Kask ma pewno należy do elementów, które po użyciu należy wymienić na nowe, ponieważ pianka w środku, chroniąc głowę, ulega zniszczeniu. Kask należy się wymienić i należy się tobie całkowity zwrot wartości.
W tym ostatnim słowie jest niestety ukryty diabeł. Wartości to nie znaczy ceny nowego.
Jeśli tarłeś tyłkiem po asfalcie to znaczy, że motocykl też (manetka, podnóżek, osłony, lusterko).
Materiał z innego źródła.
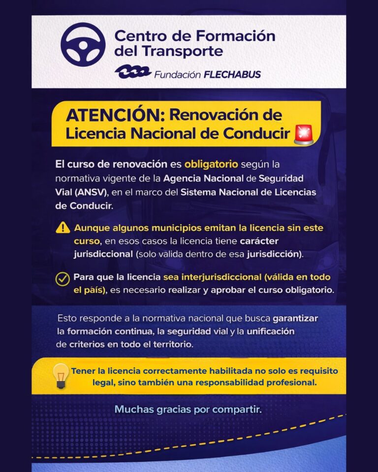 En el marco del sistema actual de seguridad vial en Argentina, es importante recordar que la renovación de la Licencia Nacional de Conducir requiere la realización y aprobación de un curso obligatorio, conforme a la normativa vigente establecida por la Agencia Nacional de Seguridad Vial (ANSV), dentro del Sistema Nacional de Licencias de Conducir.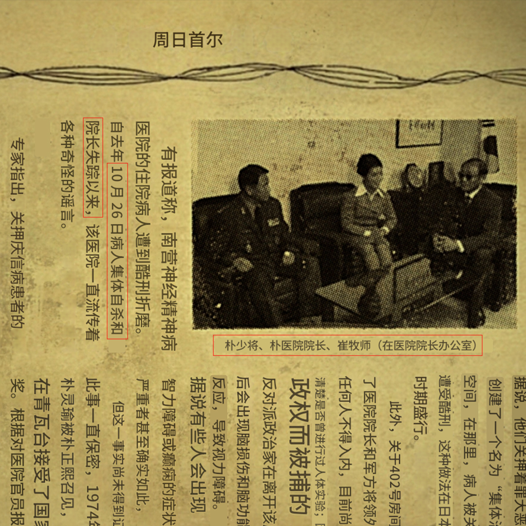 10月26日病人集体自杀和院长失踪 / 院长办公室照片:朴少将、朴院长、崔牧师三人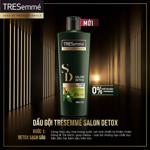 TRESemmé là nhãn hiệu chăm sóc tóc cao cấp đến từ Mỹ, được sử dụng bởi các chuyên gia tại Tuần lễ Thời trang New York – New York Fashion Week. Dầu gội TRESemmé Salon Detox với công thức chứa thành phần thiên nhiên gồm gừng và trà xanh, giúp Detox* và nuôi dưỡng tóc, giúp khôi phục lại mái tóc chắc khỏe đẹp chuẩn Sàn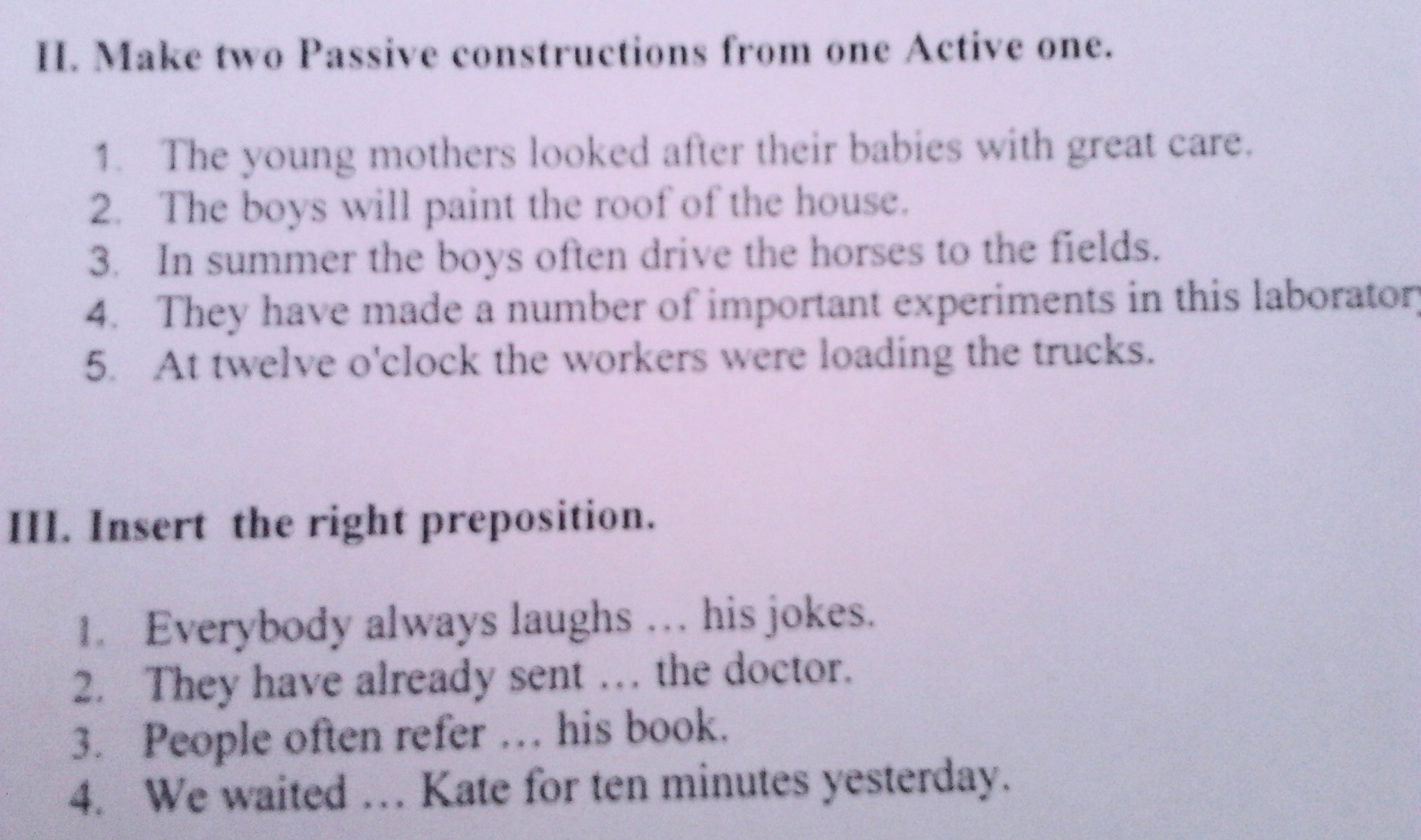 второе с предлогами: at, for, to, for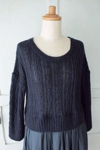 トップはケーブル編みのモヘアニット。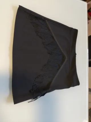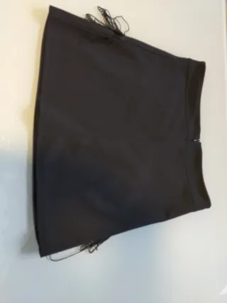 Falda corta de color negro con un diseño moderno. - Detalle de flecos en la parte delantera. - Corte moderno y favorecedor. - Cierre lateral talla S/M Nueva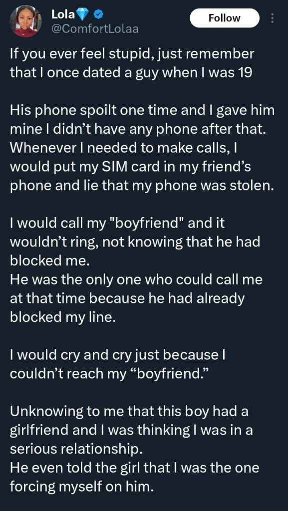 A Nigerian lady has sparked intense reactions online after sharing a painful story about a relationship she had at 19, exposing deception, manipulation, and emotional abuse.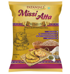 Patanjali missi atta a unique combination of whole wheat, gram and barley. It is a special kind of atta which consists of three grains which are whole wheat, barley and gram. These are grounded uniformly for proper mixture of these grains which results in fine flour. It has lot of health benefits and provides nutrition.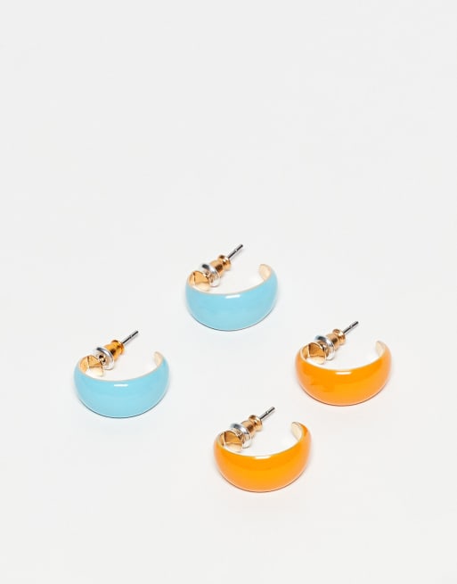ASOS DESIGN – Orange och blått emaljerade, små creoler i flerpack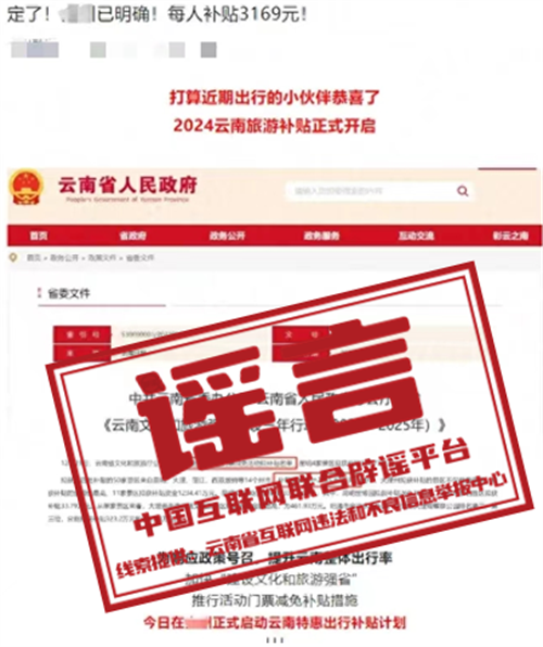 謠言:去云南旅游每人補(bǔ)貼3169元?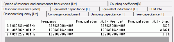 The table below shows the resonant frequencies.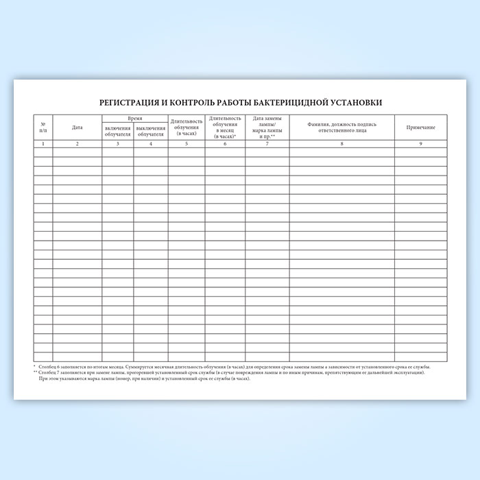Журнал регистрации и контроля ультрафиолетовой бактерицидной установки (А4) в Омске купить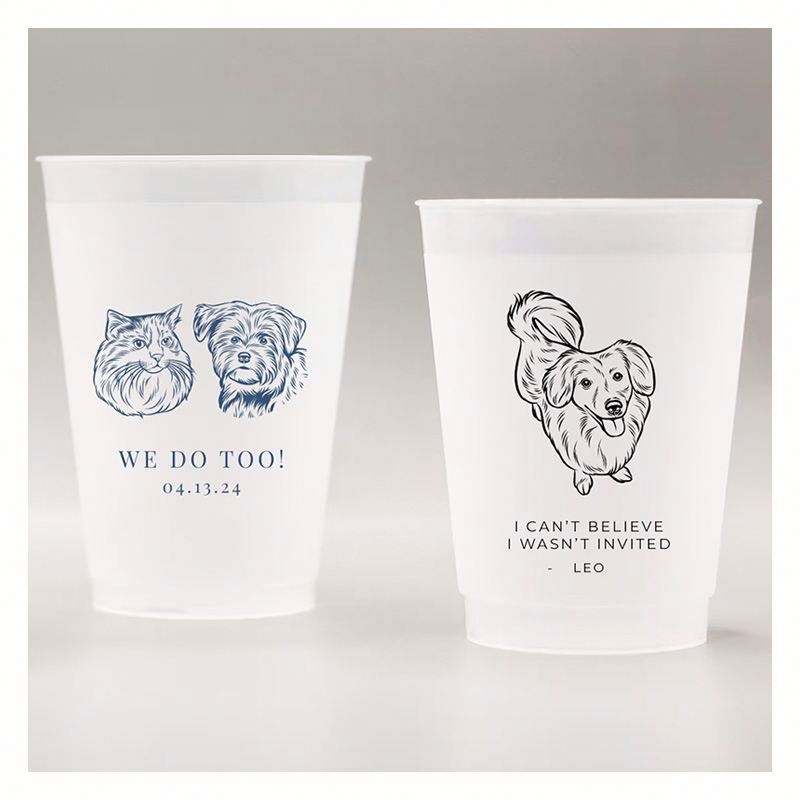 Gobelets givrés incassables en plastique personnalisables avec logo pour vin, boissons et animaux de compagnie, réutilisables pour les mariages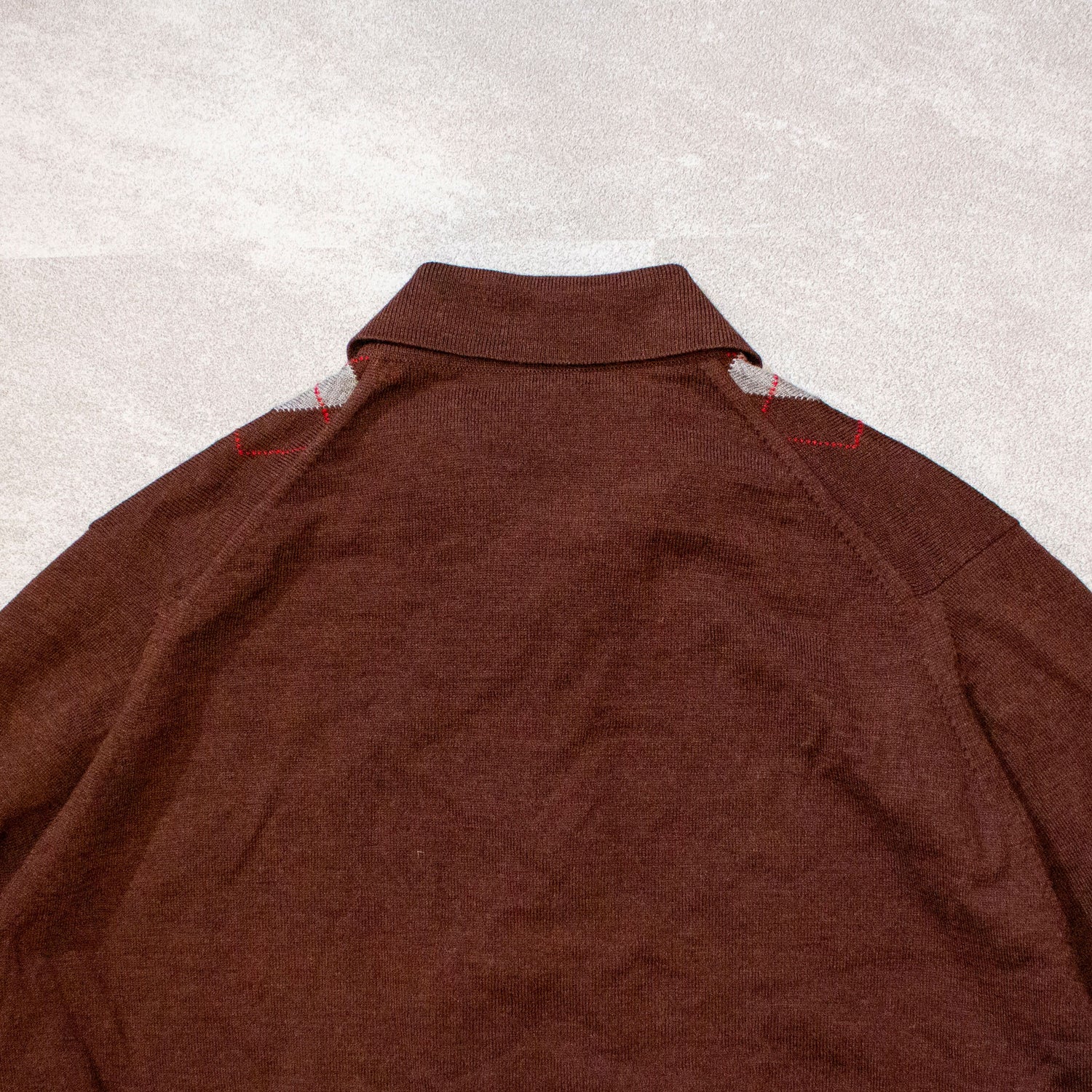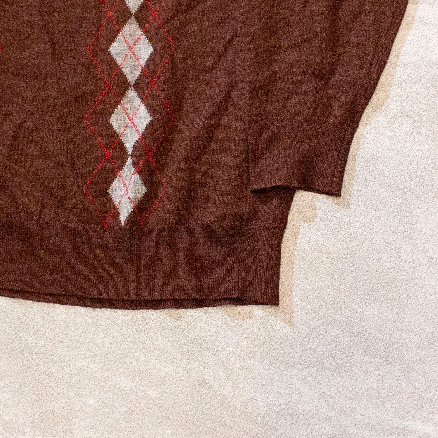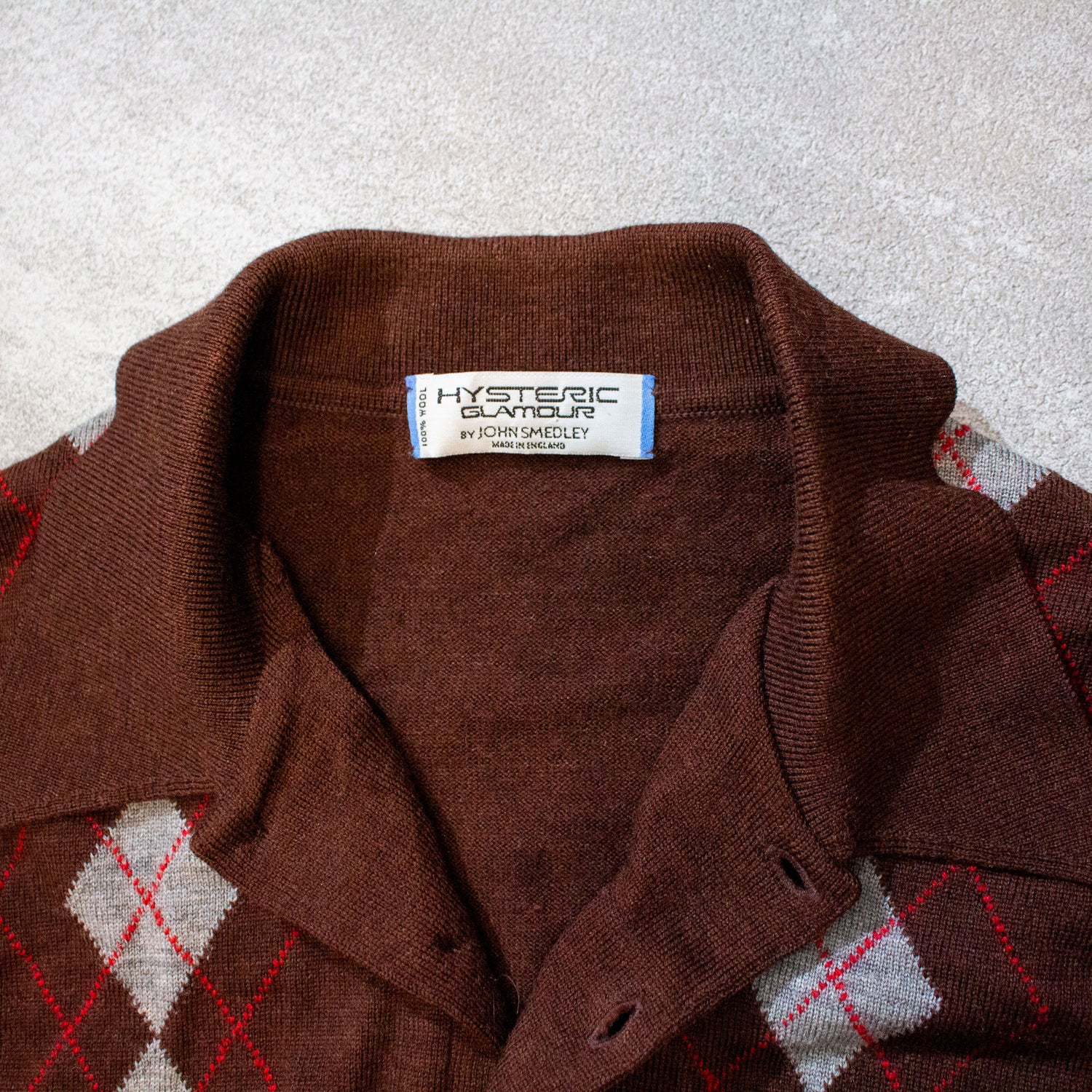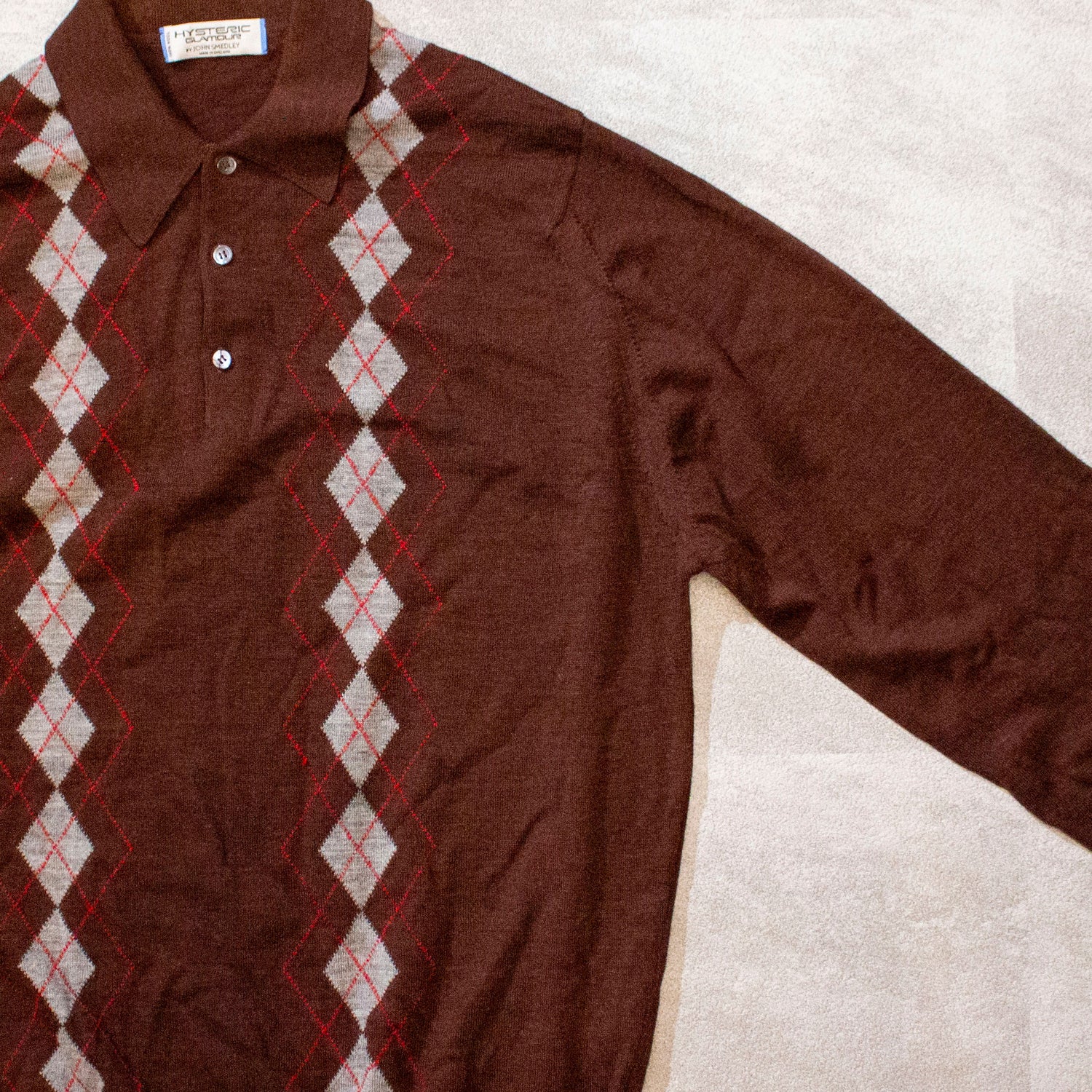 An unexpected collaboration between Hysteric Glamour, which was hugely popular in the 00s, and a traditional British knitwear brand. The traditional argyle pattern is in subtle lines, giving it a slightly grunge feel. I think it's really cool that John Smeg has done this. The material is a high-gauge wool knit that is very comfortable to wear. The material is soft, so you can wear it over a T-shirt without it feeling itchy. The tag also has a special feel to it. It's a piece that you can wear or just look at.

Nawet jeśli technicznie jest sprawny to przetarte elementy masz prawo wymienić. Możesz zażądać kosztorysu i wypłaty odszkodowania. Nie musisz jednak tych elementów wymieniać. Może z tej kasy będziesz miał dodatkowy grosz na nowe ciuszki, bo za stare na pewno nie dostaniesz 100% ceny sklepowej.
Zawsze jak będziesz niezadowolony z odszkodowania możesz napisać odwołanie. W zależności od firmy droga odwoławcza może być jedno lub więcej etapowa. Po wyczerpaniu tej drogi możesz szukać sprawiedliwości = podniesienia wartości odszkodowania w sądzie. Ale to się opłaca przy większych odszkodowaniach.
<a href="http://a-glass.pl">BMW F650 ST</a>
Avatar użytkownika
Grubas
VIP Ścigacz.pl
 
Posty: 908
Dołączył(a): 6/10/2006, 14:13
Lokalizacja: Poznań


Postprzez Terror » 1/6/2007, 08:57

Walcz, żeby wymienili Ci kask. Jak npaisał Grubas - kask jest jednorazowego użytku, głębokie rysy powinny dyskwalifikować cały kask.
No hope. no cure. No problem.
Avatar użytkownika
Terror
Administrator
 
Posty: 1466
Dołączył(a): 25/8/2005, 11:06
Lokalizacja: WW-WWa

Postprzez cezare » 4/6/2007, 17:49

jeżeli mogę Ci coś doradzić - ja zawszę tak robię z puszkami ( 2 x mi ktoś wjechał ), oddaję do autoryzowanego dealera - gdzie mają rzeczoznawców znajomych, czyli - ja nie martwię się o zwrot kasy - wszystko robie bezgotówkowo.. i niech sobie naciągają ile chcą i zdzierają ile chcą ... nie mam problemu. a jeszcze puchę zastępczą biorę. i lakier mam dobrany OPLA bo do Opla i położony przez OPLA itp. - warto

Cez.

czasami kiedy sam idziesz likwidować szkodę - zrobią z Ciebie durnia i to jeszcze w świetle prawa całkiem legalnie. Jak oddajesz ze świadomością że nie chcesz na tym zarabiać gdzisz się żeby sobie ponaciągali - ja zawsze jestem zadowolony i np dostanę kołpak, którego nei miałem czy lusterko, które mi skradziono.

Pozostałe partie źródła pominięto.